*Material for the task*
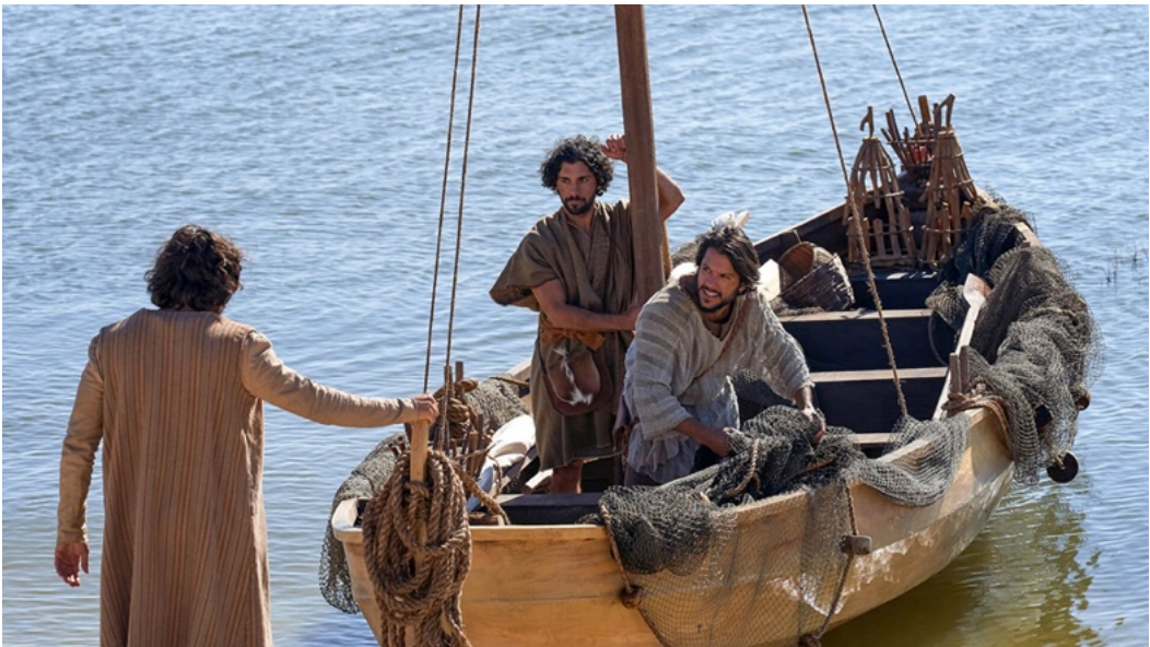
Jeesus kutsuu kalastajaveljekset Pietarin ja Andreaan seuraajikseen suoraan työn keskeltä. Pietarin taustatarina The Chosen -sarjassa tarjoaa selityksen sille, miksi hän piti itseään niin syntisenä, että pyysi Jeesusta menemään pois luotaan.

- Siitä se ajatus lähti: vapauttaisiko Jeesus minutkin? "Vain yksi jakso..." Vähänkö minä tiesin.
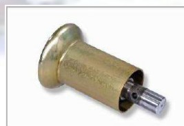
Rolna pro bezdušové pneu
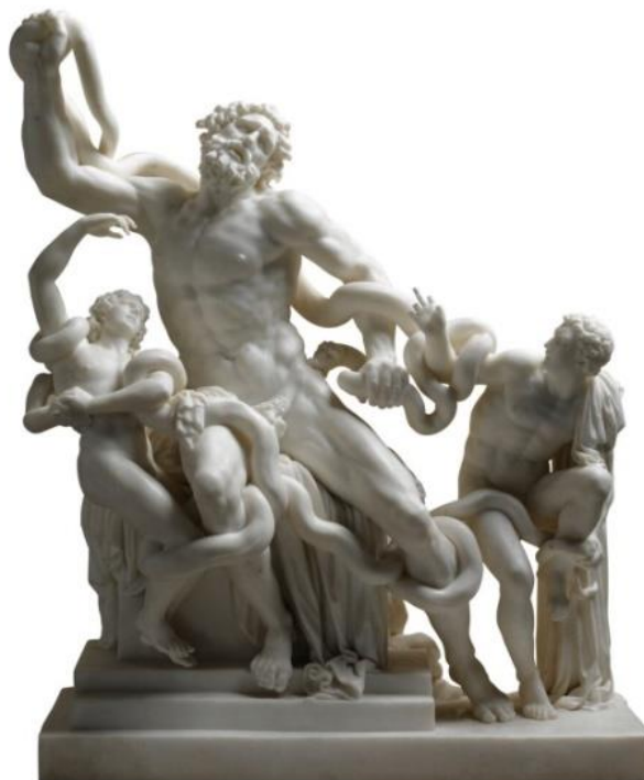
Рис. 1. Агесандр, Полидор и Афинодор Родоский. Лаокоон и его сыновья Вт. пол. I в. до н.э. Мрамор. Музей Пио-Клементино, Ватикан

Многие фрагменты из поэмы Гомера нашли отражение в искусстве разных периодов и народов. Но одна из излюбленных тем творцов, работающих в разных видах искусства, – это трагедия Лаокоона и его сыновей. Познакомимся сначала со скульптурным наследием античной культуры (рис. 1).
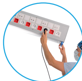
Conexión de los cables eléctricos
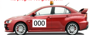
Predtekmovalna vozila - 20 minut pred prvim tekmovalcem; Na progi ni več gledalcev
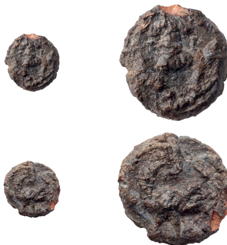
Abb. 6: Vorder- und Rückseite der Bleiplombe 5 (Inv. 1974.10235). Links: M. 1:1, rechts: M. 2:1.
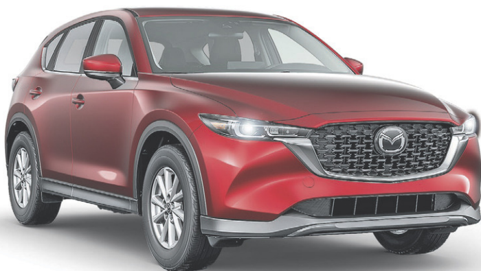
MAZDA CX-5 GX 2022

CONÇU POUR S'ADAPTER À TOUTES LES CONDITIONS TRACTION INTÉGRALE i-ACTIV MAINTENANT DE SÉRIE

*Work task*
Word for word, restate the line that contains "MAZDA CX-5 GX 2022" and each line after it, up to and including the last line of the listing; include nothing else.

*Result*
MAZDA CX-5 GX 2022

CONÇU POUR S'ADAPTER À TOUTES LES CONDITIONS TRACTION INTÉGRALE i-ACTIV MAINTENANT DE SÉRIE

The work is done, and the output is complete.